Winner of the 2015 Award for Concept Analysis in Political ScienceAmerican political science has been widely but loosely identified as a liberal science. Robert Adcock clarifies the place of American political science within the liberal tradition by situating its origins in relation to the transatlantic history of liberalism. The pioneers of American political science participated in transatlantic networks of intellectual and
political elites that connected them directly to the evolution of liberalism in Europe. This book shows how these figures adapted multiple European liberal arguments to speak to particular challenges of mass democratic
politics and large-scale industry as they developed in America. Political science's pioneers in the American academy were thus active agents of the Americanization of liberalism. In charting the emergence of American political science, Adcock shows how a distinct current of mid-nineteenth-century European liberalism was transformed into two alternative twentieth-century American liberalisms.

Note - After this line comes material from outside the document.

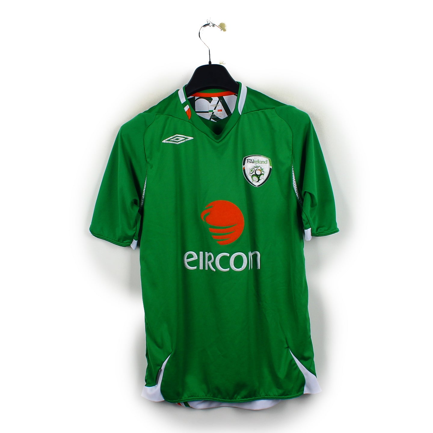 Histoire : Maillot domicile porté par les irlandais lors de la campagne de qualification pour l'Euro 2008 organisé en Suisse et Autriche. Héritant d'un tirage difficile les Irlandais termineront 3ème dans un groupe dominé par l'Allemagne et ne se qualifieront pas.

When political science first secured a niche in America's antebellum academy, it
advanced a democratized classical liberal vision that overlapped with the contemporary European liberalism of Tocqueville and John Stuart Mill. As political science expanded during the dramatic growth
of universities in the Gilded Age, controversy and cleavage within liberalism came to the fore in the area of political economy. During the late-nineteenth century, this cleavage was fleshed out into the alternative analyses of democracy and the administrative state advanced by two divergent liberal political visions: progressive liberalism and disenchanted classical liberalism. Both visions found expression among the early leaders of the new American Political Science Association, founded in
1903; and in turn, within the fierce contest over the meaning of "liberalism" as this term entered American political discourse from the mid-1910s on. The history of American political science allows us
to see how a distinct current of mid-nineteenth-century European liberalism was transformed into alternative twentieth-century American liberalisms.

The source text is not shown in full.